Anthology is a greatest hits album that brought together music from the better part of three decades leading up to its release. I have the International version and from it there are quite a few tracks that I love but those that stand out the most are ' Summer of 69' [make of that what you will], 'Everything I Do', 'There Will Never Be Another Tonight', 'All For Love', 'Best of Me', 'Don't Give Up', and 'Here I Am' all of which you can probably guess fit a theme, follow a narrative that I identified with, and are pretty self explanatory. The truth is I can't break these down to just a few and piecing together all the lyrics would only lead to me repeating much of what I have already shared throughout this series of posts.
The two tracks I will single out though are 'Everything I Do' and 'Here I Am' which are worthy of particular note. The former represents the first love song that I really connected with on an emotional level that ran a little too deep for me. I had heard love songs before that I identified with, some of which have been mentioned already in this list, but this song cut deep and struck a nerve, I know that's a cliché for many people though, I have visions of Stewie Griffin from Family Guy in this moment for the music video he created when he was lovesick, but there is comedy in tragedy, and life imitates art, and sometimes art imitates life, sorry Oscar Wilde.

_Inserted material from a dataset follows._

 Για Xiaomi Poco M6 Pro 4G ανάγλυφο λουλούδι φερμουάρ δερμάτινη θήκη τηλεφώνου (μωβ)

This is one of those instances, where yes as much as it may seem sardonic that is how I felt - bear in mind though when I bought Anthology I was 17, my life experience was limited and everything was amplified as I didn't yet have the context to put everything into in order to weigh it up. Indeed as I have grown and gained much more experience in life and in love the weight of that song has grown heavier and the lyrics mean much more, attached to more than just one person at this point you could even flip the script and say the lyrics are directed at my inners self now talking to yourself as if they were a third person and telling them everything you do is for them, which ironically isn't that far from the truth if you choose to separate your ego from your sense of self and treat it like a third person.

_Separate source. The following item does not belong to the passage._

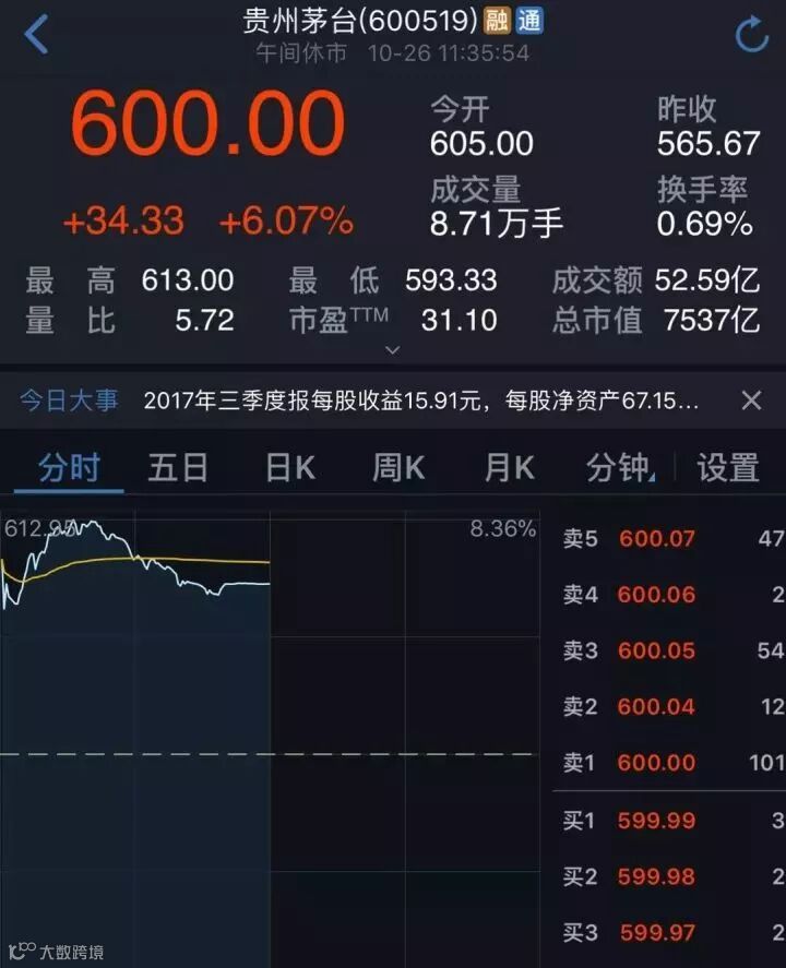 茅台股价突破600元,大家很激动,券商觉得还要突破800元,也就是对应的市值超过一万亿。群众们觉得要是手上有几万股茅台,那才是最牛的。

'Here I Am' on the other hand it should probably come as no surprise by now as a gay man represents something that I've already touched upon, the struggle for self acceptance and the ability to say those words and mean them that you're happy with who you are, where you are, and that you've made peace with the world - I'd like to say I am there but still I have work to do before I get there. I am a lot more comfortable with who I am than I was at 17.